* _Material to process_
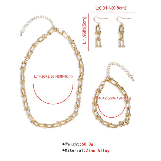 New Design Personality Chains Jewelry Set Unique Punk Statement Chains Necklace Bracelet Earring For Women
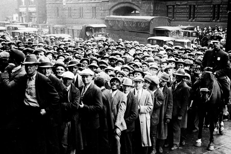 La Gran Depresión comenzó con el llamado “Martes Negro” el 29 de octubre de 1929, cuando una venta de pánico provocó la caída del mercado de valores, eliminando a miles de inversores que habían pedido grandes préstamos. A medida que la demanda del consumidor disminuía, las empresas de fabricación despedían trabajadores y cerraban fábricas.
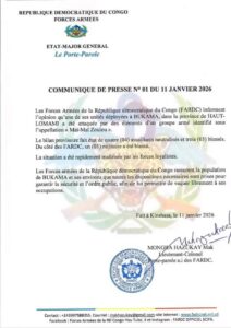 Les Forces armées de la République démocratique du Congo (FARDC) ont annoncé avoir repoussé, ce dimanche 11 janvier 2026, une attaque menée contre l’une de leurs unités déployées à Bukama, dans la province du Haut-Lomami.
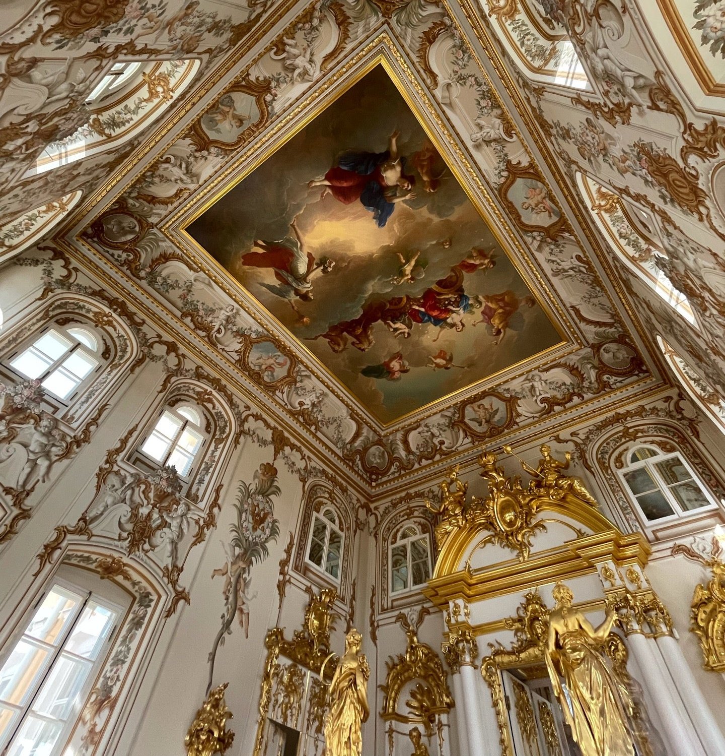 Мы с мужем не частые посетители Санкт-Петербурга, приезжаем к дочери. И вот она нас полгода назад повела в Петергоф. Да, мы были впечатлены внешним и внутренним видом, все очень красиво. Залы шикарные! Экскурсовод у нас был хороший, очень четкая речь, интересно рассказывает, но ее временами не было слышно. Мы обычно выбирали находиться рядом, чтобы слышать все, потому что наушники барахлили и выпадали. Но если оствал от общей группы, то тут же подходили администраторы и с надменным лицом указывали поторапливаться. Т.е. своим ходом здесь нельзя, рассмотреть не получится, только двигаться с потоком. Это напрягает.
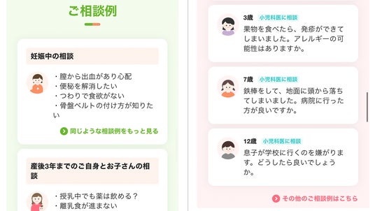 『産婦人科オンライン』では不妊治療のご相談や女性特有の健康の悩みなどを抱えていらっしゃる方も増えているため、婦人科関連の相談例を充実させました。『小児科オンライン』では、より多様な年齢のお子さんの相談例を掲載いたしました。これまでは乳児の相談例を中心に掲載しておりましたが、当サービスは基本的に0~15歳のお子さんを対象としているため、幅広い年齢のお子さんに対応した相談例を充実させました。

--

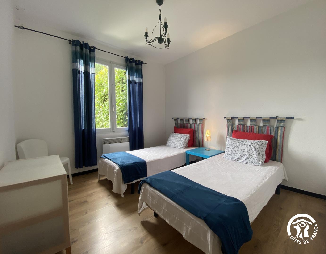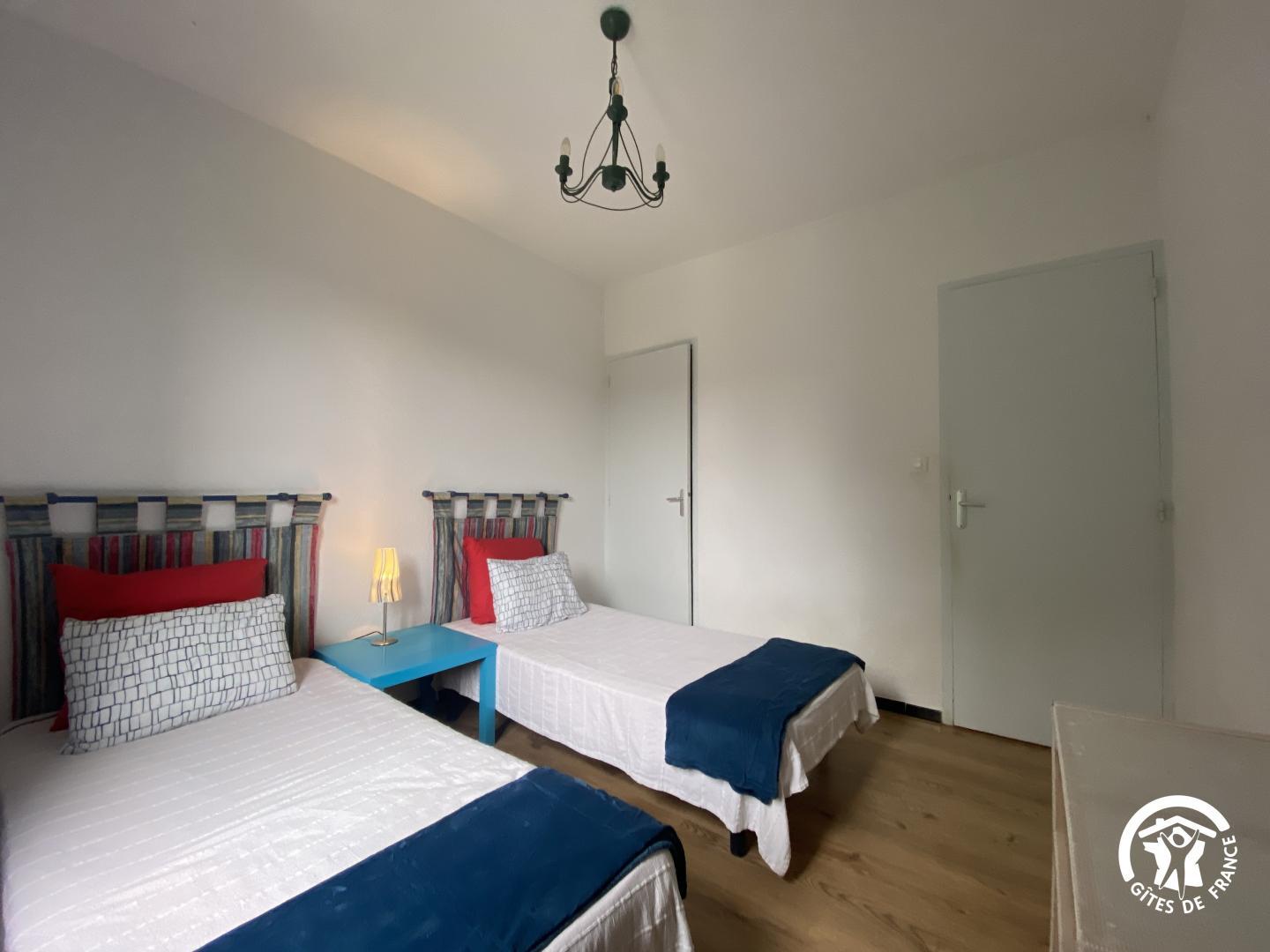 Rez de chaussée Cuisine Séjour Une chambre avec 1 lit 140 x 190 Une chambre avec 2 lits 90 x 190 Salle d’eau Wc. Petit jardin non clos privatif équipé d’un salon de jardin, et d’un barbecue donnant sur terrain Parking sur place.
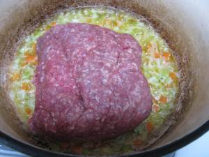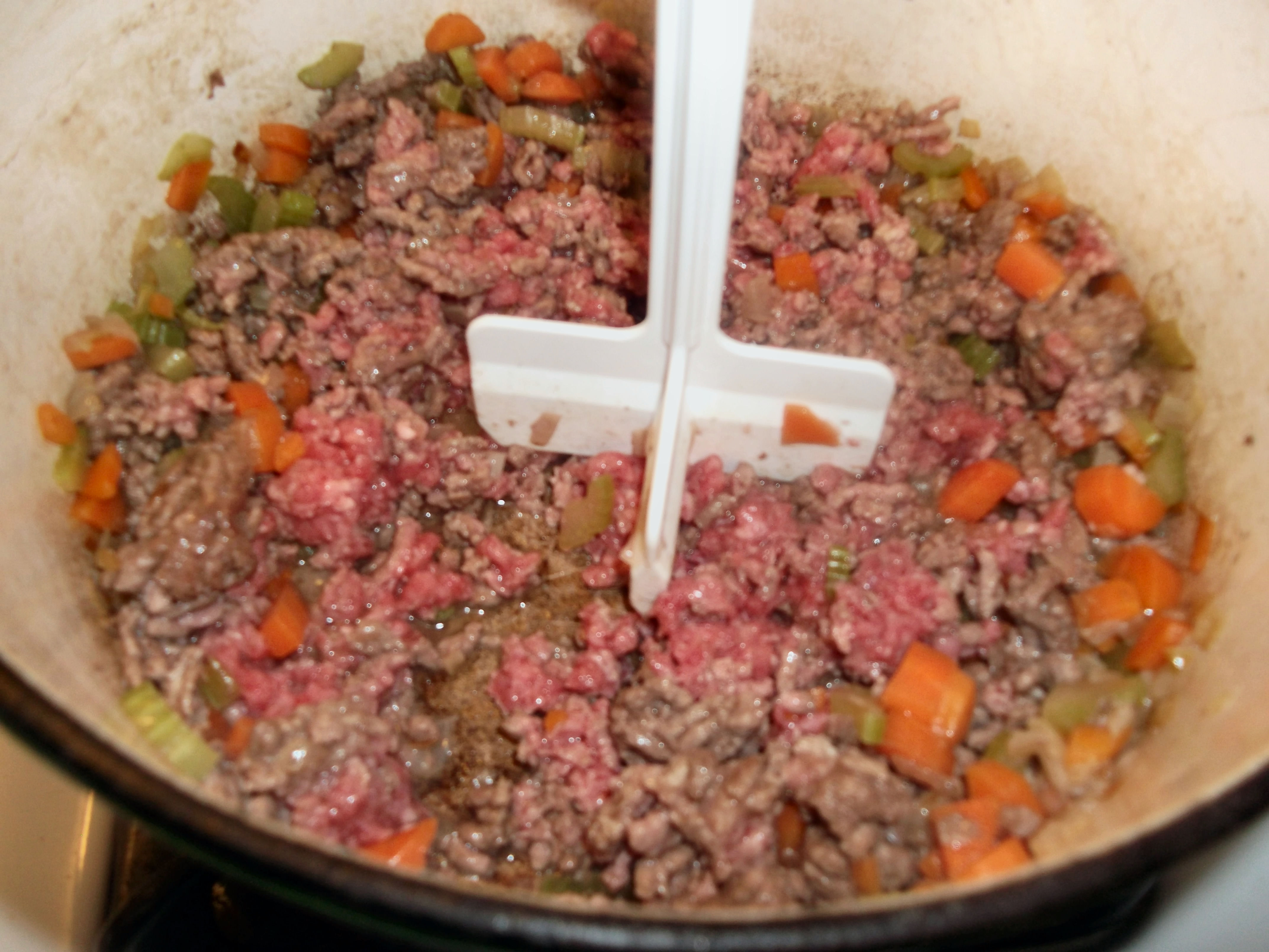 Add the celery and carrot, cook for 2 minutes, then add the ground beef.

* _What the task requires_
The lines to set down run from the line with "New Design Personality" up to and including the line with "Les Forces armées" in the entries above. Reproduce them exactly, with no pictures.

* _Task answer_
 New Design Personality Chains Jewelry Set Unique Punk Statement Chains Necklace Bracelet Earring For Women
 La Gran Depresión comenzó con el llamado “Martes Negro” el 29 de octubre de 1929, cuando una venta de pánico provocó la caída del mercado de valores, eliminando a miles de inversores que habían pedido grandes préstamos. A medida que la demanda del consumidor disminuía, las empresas de fabricación despedían trabajadores y cerraban fábricas.
 Les Forces armées de la République démocratique du Congo (FARDC) ont annoncé avoir repoussé, ce dimanche 11 janvier 2026, une attaque menée contre l’une de leurs unités déployées à Bukama, dans la province du Haut-Lomami.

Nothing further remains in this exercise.